CD8 T cells are not required for islet destruction induced by a CD4+ islet-specific T-cell clone.

作者信息

Bradley B J, Haskins K, La Rosa F G, Lafferty K J

机构信息

Barbara Davis Center for Childhood Diabetes, University of Colorado Health Sciences Center, Denver 80262.

出版信息

Diabetes. 1992 Dec;41(12):1603-8. doi: 10.2337/diab.41.12.1603.

Abstract

A panel of CD4+ T-cell clones has been isolated from the spleen and lymph nodes of diabetic NOD mice.
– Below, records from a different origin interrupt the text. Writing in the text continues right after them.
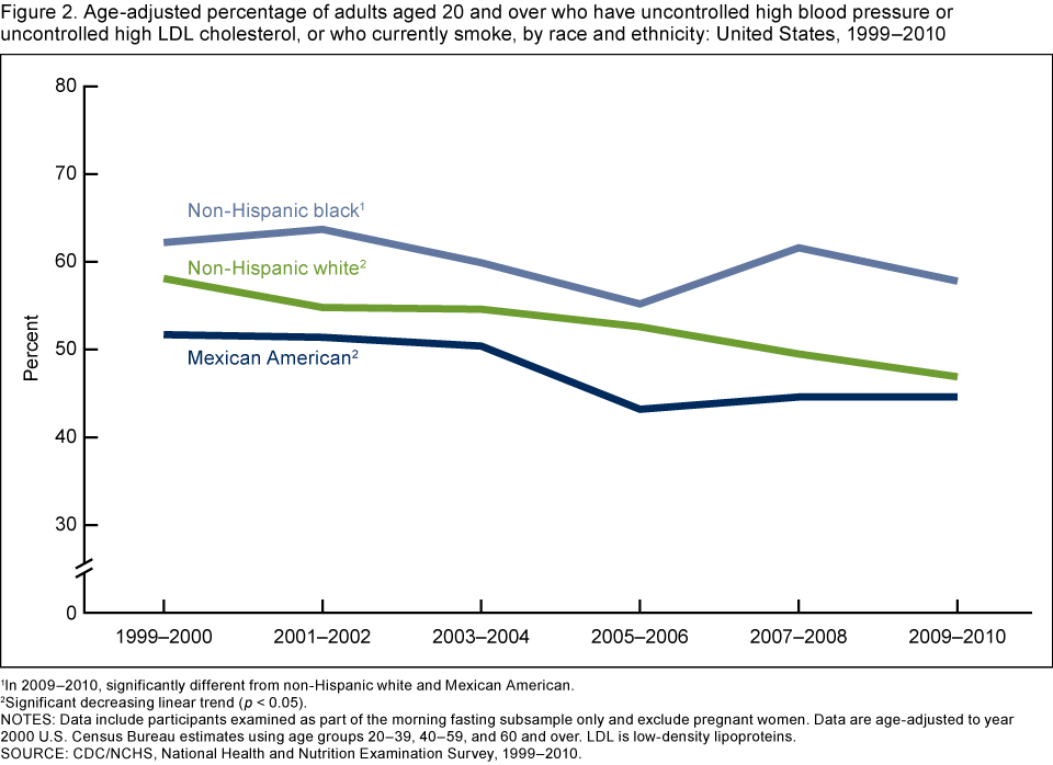 • From 1999–2000 through 2009–2010, a decrease was observed in the percentage of non-Hispanic white and Mexican-American adults who had at least one of the three risk factors for cardiovascular disease. However, this decrease was not found among non-Hispanic black adults.
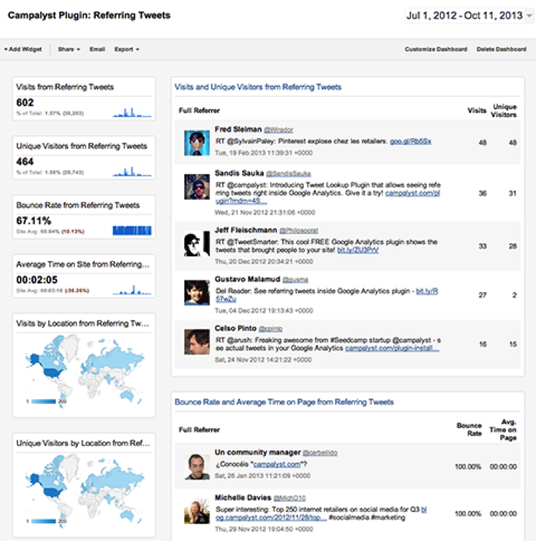 En su versión gratuita, muestra para los últimos 5 días, los tweets en los que ha sido compartida tu página (dentro de Google Analytics). En su propia página te comparten un dashboard donde poder contemplar toda la información sobre los tweets.
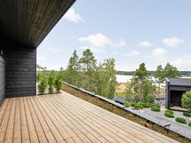 - Etupihalla terassia sisäänkäynnin yhteydessä, ja samoin alakerrassa ns. takaterassi. Molemmista merinäkymät.
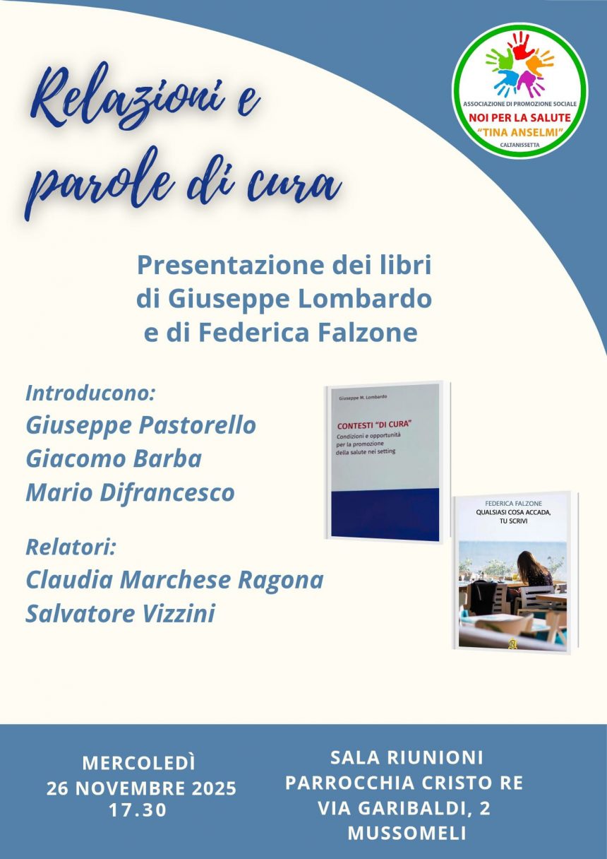 Mercoledì 26 novembre, alle 17,30, nella Sala riunioni della parrocchia Cristo Re (via Garibaldi, 2) a Mussomeli, l’Associazione “Noi per la salute – Tina Anselmi”, che promuove l’informazione sui diritti e la formazione alla prevenzione e alla cultura della salute, presenta due libri sulle relazioni di cura e il valore terapeutico della scrittura: “Contesti di cura” dello psicologo Giuseppe Lombardo e “Qualsiasi cosa accada, tu scrivi” della psicologa Federica Falzone.
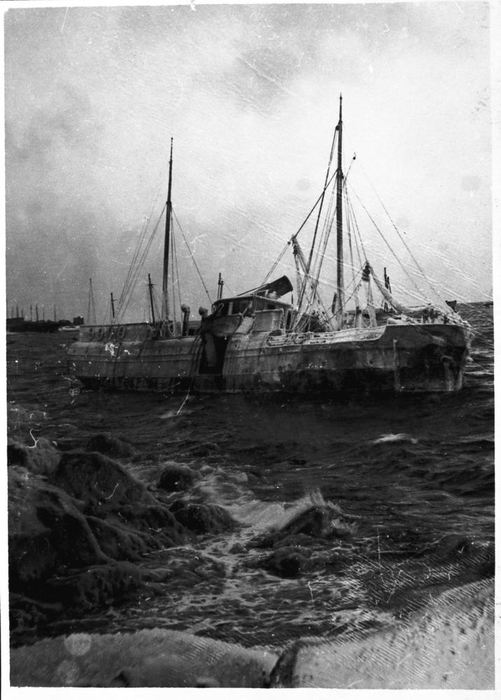 „Faxaflóabáturinn Reykjavík upp í fjörunni við Skansinn (Batteríið) í febrúar 1907. Kolaskipið Mod frá Haugasundi slitnaði upp og rakst á Reykjavíkina með þeim afleiðingum að gat kom á hana. Skipstjórinn sigldi Reykjavíkinni upp í fjöru við Batteríið svo skipið sykki ekki í höfninni.“ (ÞSG 2017)

These clones have been shown to be islet-specific both in vivo and in vitro. One of the clones, BDC-6.9, initiates extensive damage to islet tissue when placed adjacent to an NOD islet graft that has been used to reverse diabetes in (CBA x NOD)F1 recipients or when injected intraperitoneally into such animals. In this study, we show that BDC-6.9 T cells can initiate islet destruction in the absence of detectable CD8 T cells either in the periphery or in the lesion that develops after the transfer of the cloned islet-reactive T cells.

摘要

已从糖尿病NOD小鼠的脾脏和淋巴结中分离出一组CD4 + T细胞克隆。这些克隆在体内和体外均显示出对胰岛具有特异性。其中一个克隆BDC-6.9,当置于已用于逆转(CBA×NOD)F1受体糖尿病的NOD胰岛移植物附近时,或腹腔注射到此类动物体内时,会对胰岛组织造成广泛损伤。在本研究中,我们表明,在克隆的胰岛反应性T细胞转移后,无论是在外周血还是在病变中,BDC-6.9 T细胞在没有可检测到的CD8 T细胞的情况下也能引发胰岛破坏。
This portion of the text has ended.